Despite the strong emotional connections, pets are obviously not children. They don’t grow up to have their own aspirations, careers, or families in the same way that humans do. They don’t ask difficult moral questions or challenge your values in the same way a child might. And while their loss is devastating to us, the relationship is biologically and socially very different.

There’s also a concern about over-anthropomorphising pets - assigning them human emotions and expectations they may not experience. Are we truly responding to their needs, or projecting our own unmet ones onto them? A Pug in a Halloween costume might be cute, but does it serve the dog or rather the owner’s Instagram aesthetic?

Animal welfare experts often emphasise the importance of respecting a pet’s species-specific needs and limitations while acknowledging the powerful bonds that can form between humans and animals.

In an article exploring ‘dog guilt’ in The Independent, clinical animal behaviourist and trainer at Chelsea Canines, Dr Nicky Shaw writes, “Dogs have remarkable skills and traits bred over thousands of years, and these should be encouraged by owners providing appropriate outlets for them.” - something I wholeheartedly agree with.

This over-anthropomorphisation thus leads to pet parents being taken advantage of within the pet market. You don’t have to look far to find Instagram stores selling matching dog accessories, cafes with dog-friendly ice cream, coffee shops offering puppaccinos, and dog groomers promoting additional extras on top of grooming services, such as blueberry facials and pedicures. At what point is it all just a bit much? I suppose this is a matter of personal preference, but again, it is an essential first step to realise that, no, dogs are not children or replacements for such.

Two men sitting around a table with a cat.

Companions in a changing world

Still, the rise of pet parenthood is less about confusing pets with children, and more about adapting to a world where the old expectations of adulthood—marriage, mortgage, 2.4 kids—no longer fit everyone’s needs, realities, or desires.
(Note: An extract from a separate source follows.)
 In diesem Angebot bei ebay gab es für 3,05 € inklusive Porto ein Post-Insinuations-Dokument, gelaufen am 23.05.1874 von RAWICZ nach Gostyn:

And anyway, what even is a 0.4th of a child?

In that world, pets offer companionship, purpose, and a form of intimacy that can be just as valid as traditional family structures. Whether you're a single professional, a queer couple building a life together, or someone healing from family trauma, pets provide a type of care that’s deeply emotional, even if it’s not the same as raising a child.

And in some ways, pets make us more human, not less. They encourage empathy, responsibility, and presence. They teach us to love consistently and say goodbye gracefully. They don’t replace children, but they remind us that love doesn’t have to follow a traditional blueprint.
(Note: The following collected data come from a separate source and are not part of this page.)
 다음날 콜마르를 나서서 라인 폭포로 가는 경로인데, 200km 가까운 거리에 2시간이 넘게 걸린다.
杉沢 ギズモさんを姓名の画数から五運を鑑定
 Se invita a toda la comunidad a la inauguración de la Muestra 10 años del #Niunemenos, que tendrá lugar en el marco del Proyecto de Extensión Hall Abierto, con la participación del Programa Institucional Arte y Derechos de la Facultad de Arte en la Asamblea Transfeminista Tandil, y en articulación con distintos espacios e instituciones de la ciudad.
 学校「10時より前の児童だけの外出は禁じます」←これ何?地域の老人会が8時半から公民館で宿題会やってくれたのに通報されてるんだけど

Two women sitting on a bed with a suitcase and a cat.

The future of pet parenthood

So, whilst pets may not exactly be the ‘new children’, they’re certainly becoming a new kind of family. As society continues to redefine what it means to live a meaningful life, animals are taking up a central role in the way we give and receive care, and this is something that I and those around me are perfectly okay with.
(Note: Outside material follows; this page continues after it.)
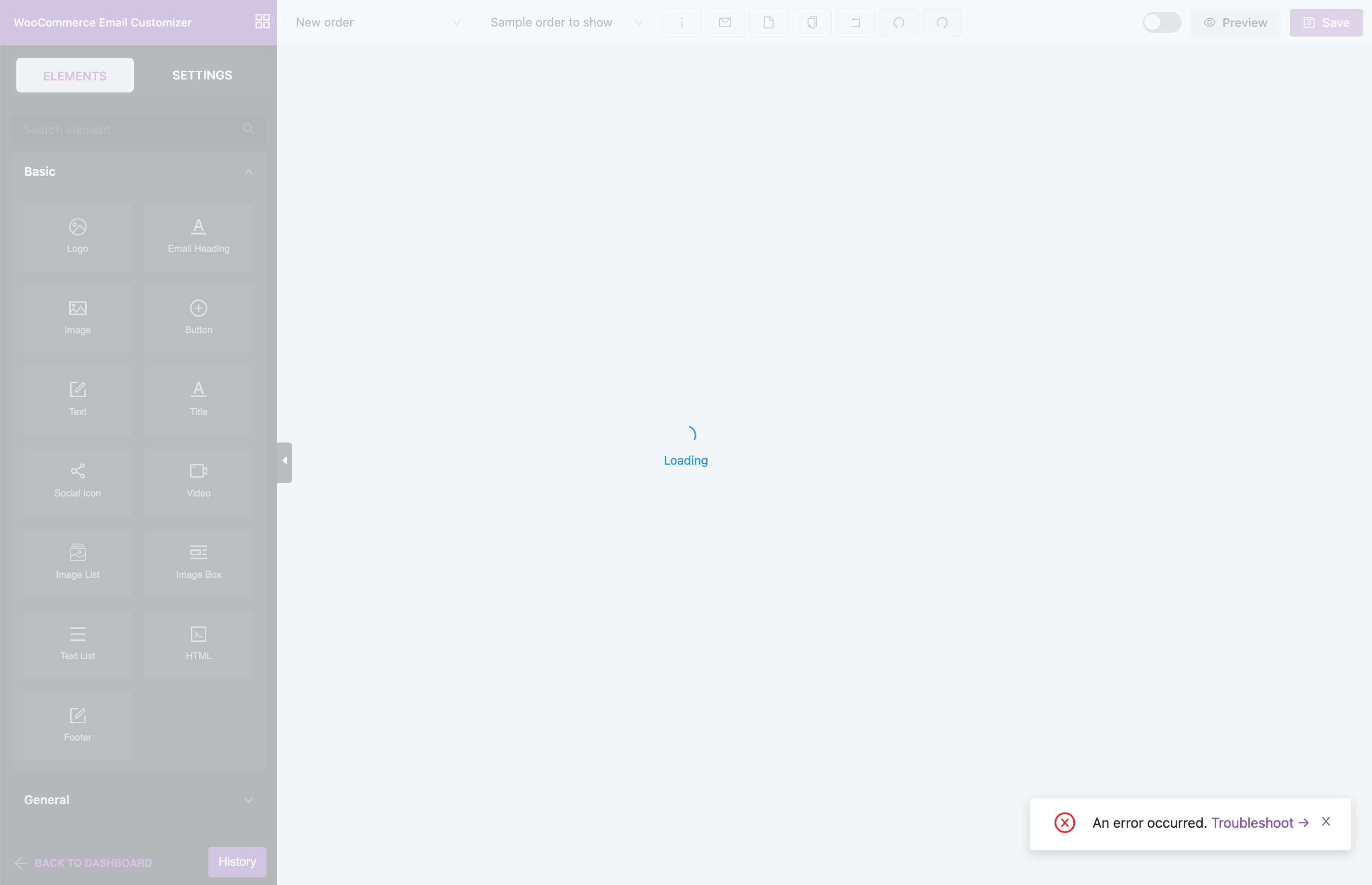 If you visit the WooCommerce Email Customizer and face "An error occurred" notice showing up on the bottom-right of the screen, here's how to troubleshoot it.

This isn’t just a quirky millennial trend; it’s a reflection of broader shifts in identity, economics, and the very shape of human relationships. Pets may not be our children, but they are our companions, confidants, and, for many, the heart of our homes.

And perhaps the better question isn’t “Are pets the new children?” but “What does it say about us, and our world, that we’re asking that question at all?”